§ **Task statement**
Repeat the listing exactly, minus the pictures.

§ **Data excerpt**

++++++++

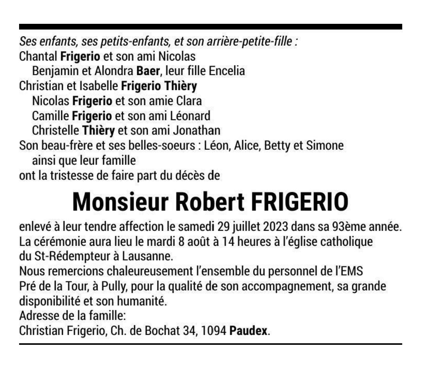 Monsieur Robert FRIGERIO 02 avr. 1931 - 29 juil. 2023 Avis mortuaire PFG Télecharger PDF Partager sur: Galerie PreviousNext PreviousNext
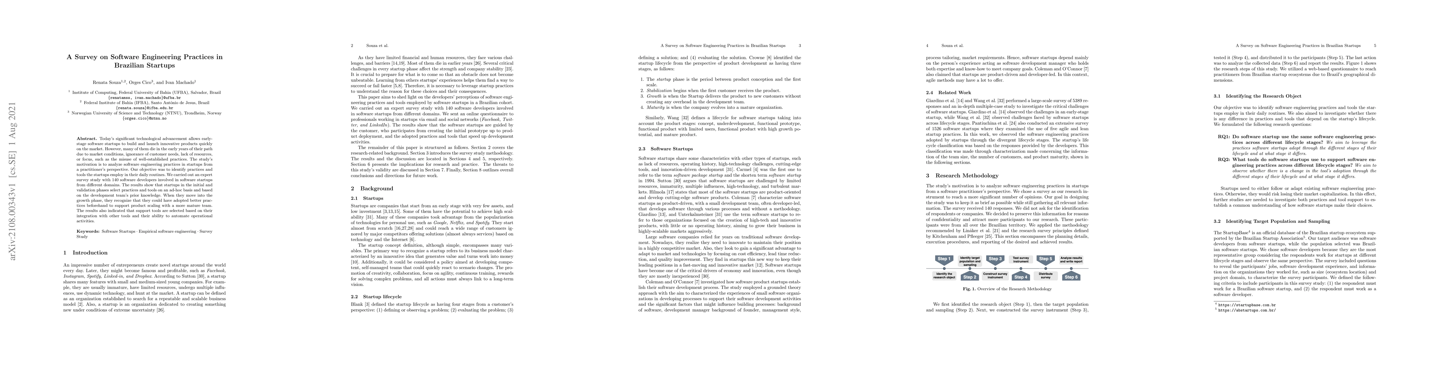 This study surveys software engineering practices among Brazilian startups, finding that early-stage teams often choose practices and tools based on prior knowledge, while growth-phase teams regret not adopting better practices earlier. Tool selection prioritizes integration and automation capabilities.
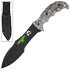The Living Dead Hollow Abyss Apocalyptic Hunting Knife has an ABS handle with grey and white skulls and green eyes along with claw marks.  The backside of the handle sports a Zombie Outbreak Response Team emblem with bio-hazard symbol.  Made of stainless steel construction with a black anodize finish for durability and to protect your blade from rust.  This unique style of blade with the partial serration will strike fear in the hearts of even the heartless. Living Dead Apocalypse is featured on the blade to add a little flair.  With this formidable weapon you can slice, dice and saw your way through a Zombie attack.  Included is a durable nylon sheath with a pocket for a sharpening stone or other supplies.
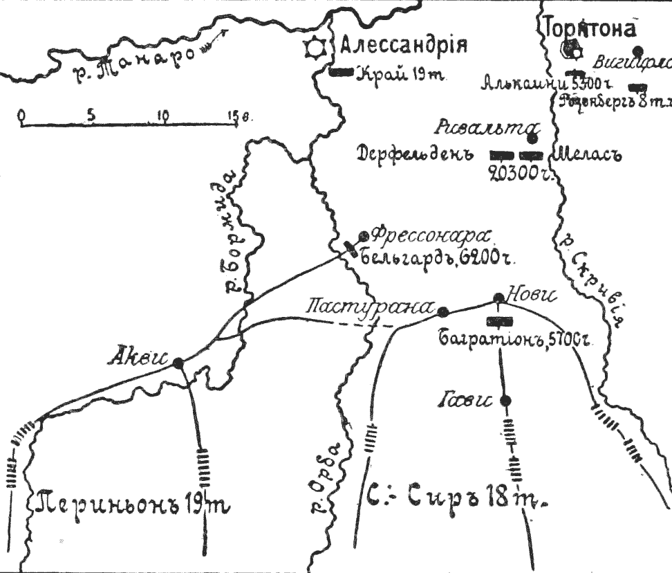 В ожидании дебуширования французов, союзная армия 1 августа расположилась: авангарды, Бельгарда (6.200 чел.), — впереди Фрессонары; Багратиона (5.700 чел.) — впереди Нови, по дороге к Гави, и Розенберга (8 т. чел.) — у Вигицола.

++++++++

§ **Your response**
 Monsieur Robert FRIGERIO 02 avr. 1931 - 29 juil. 2023 Avis mortuaire PFG Télecharger PDF Partager sur: Galerie PreviousNext PreviousNext
 This study surveys software engineering practices among Brazilian startups, finding that early-stage teams often choose practices and tools based on prior knowledge, while growth-phase teams regret not adopting better practices earlier. Tool selection prioritizes integration and automation capabilities.
The Living Dead Hollow Abyss Apocalyptic Hunting Knife has an ABS handle with grey and white skulls and green eyes along with claw marks.  The backside of the handle sports a Zombie Outbreak Response Team emblem with bio-hazard symbol.  Made of stainless steel construction with a black anodize finish for durability and to protect your blade from rust.  This unique style of blade with the partial serration will strike fear in the hearts of even the heartless. Living Dead Apocalypse is featured on the blade to add a little flair.  With this formidable weapon you can slice, dice and saw your way through a Zombie attack.  Included is a durable nylon sheath with a pocket for a sharpening stone or other supplies.
 В ожидании дебуширования французов, союзная армия 1 августа расположилась: авангарды, Бельгарда (6.200 чел.), — впереди Фрессонары; Багратиона (5.700 чел.) — впереди Нови, по дороге к Гави, и Розенберга (8 т. чел.) — у Вигицола.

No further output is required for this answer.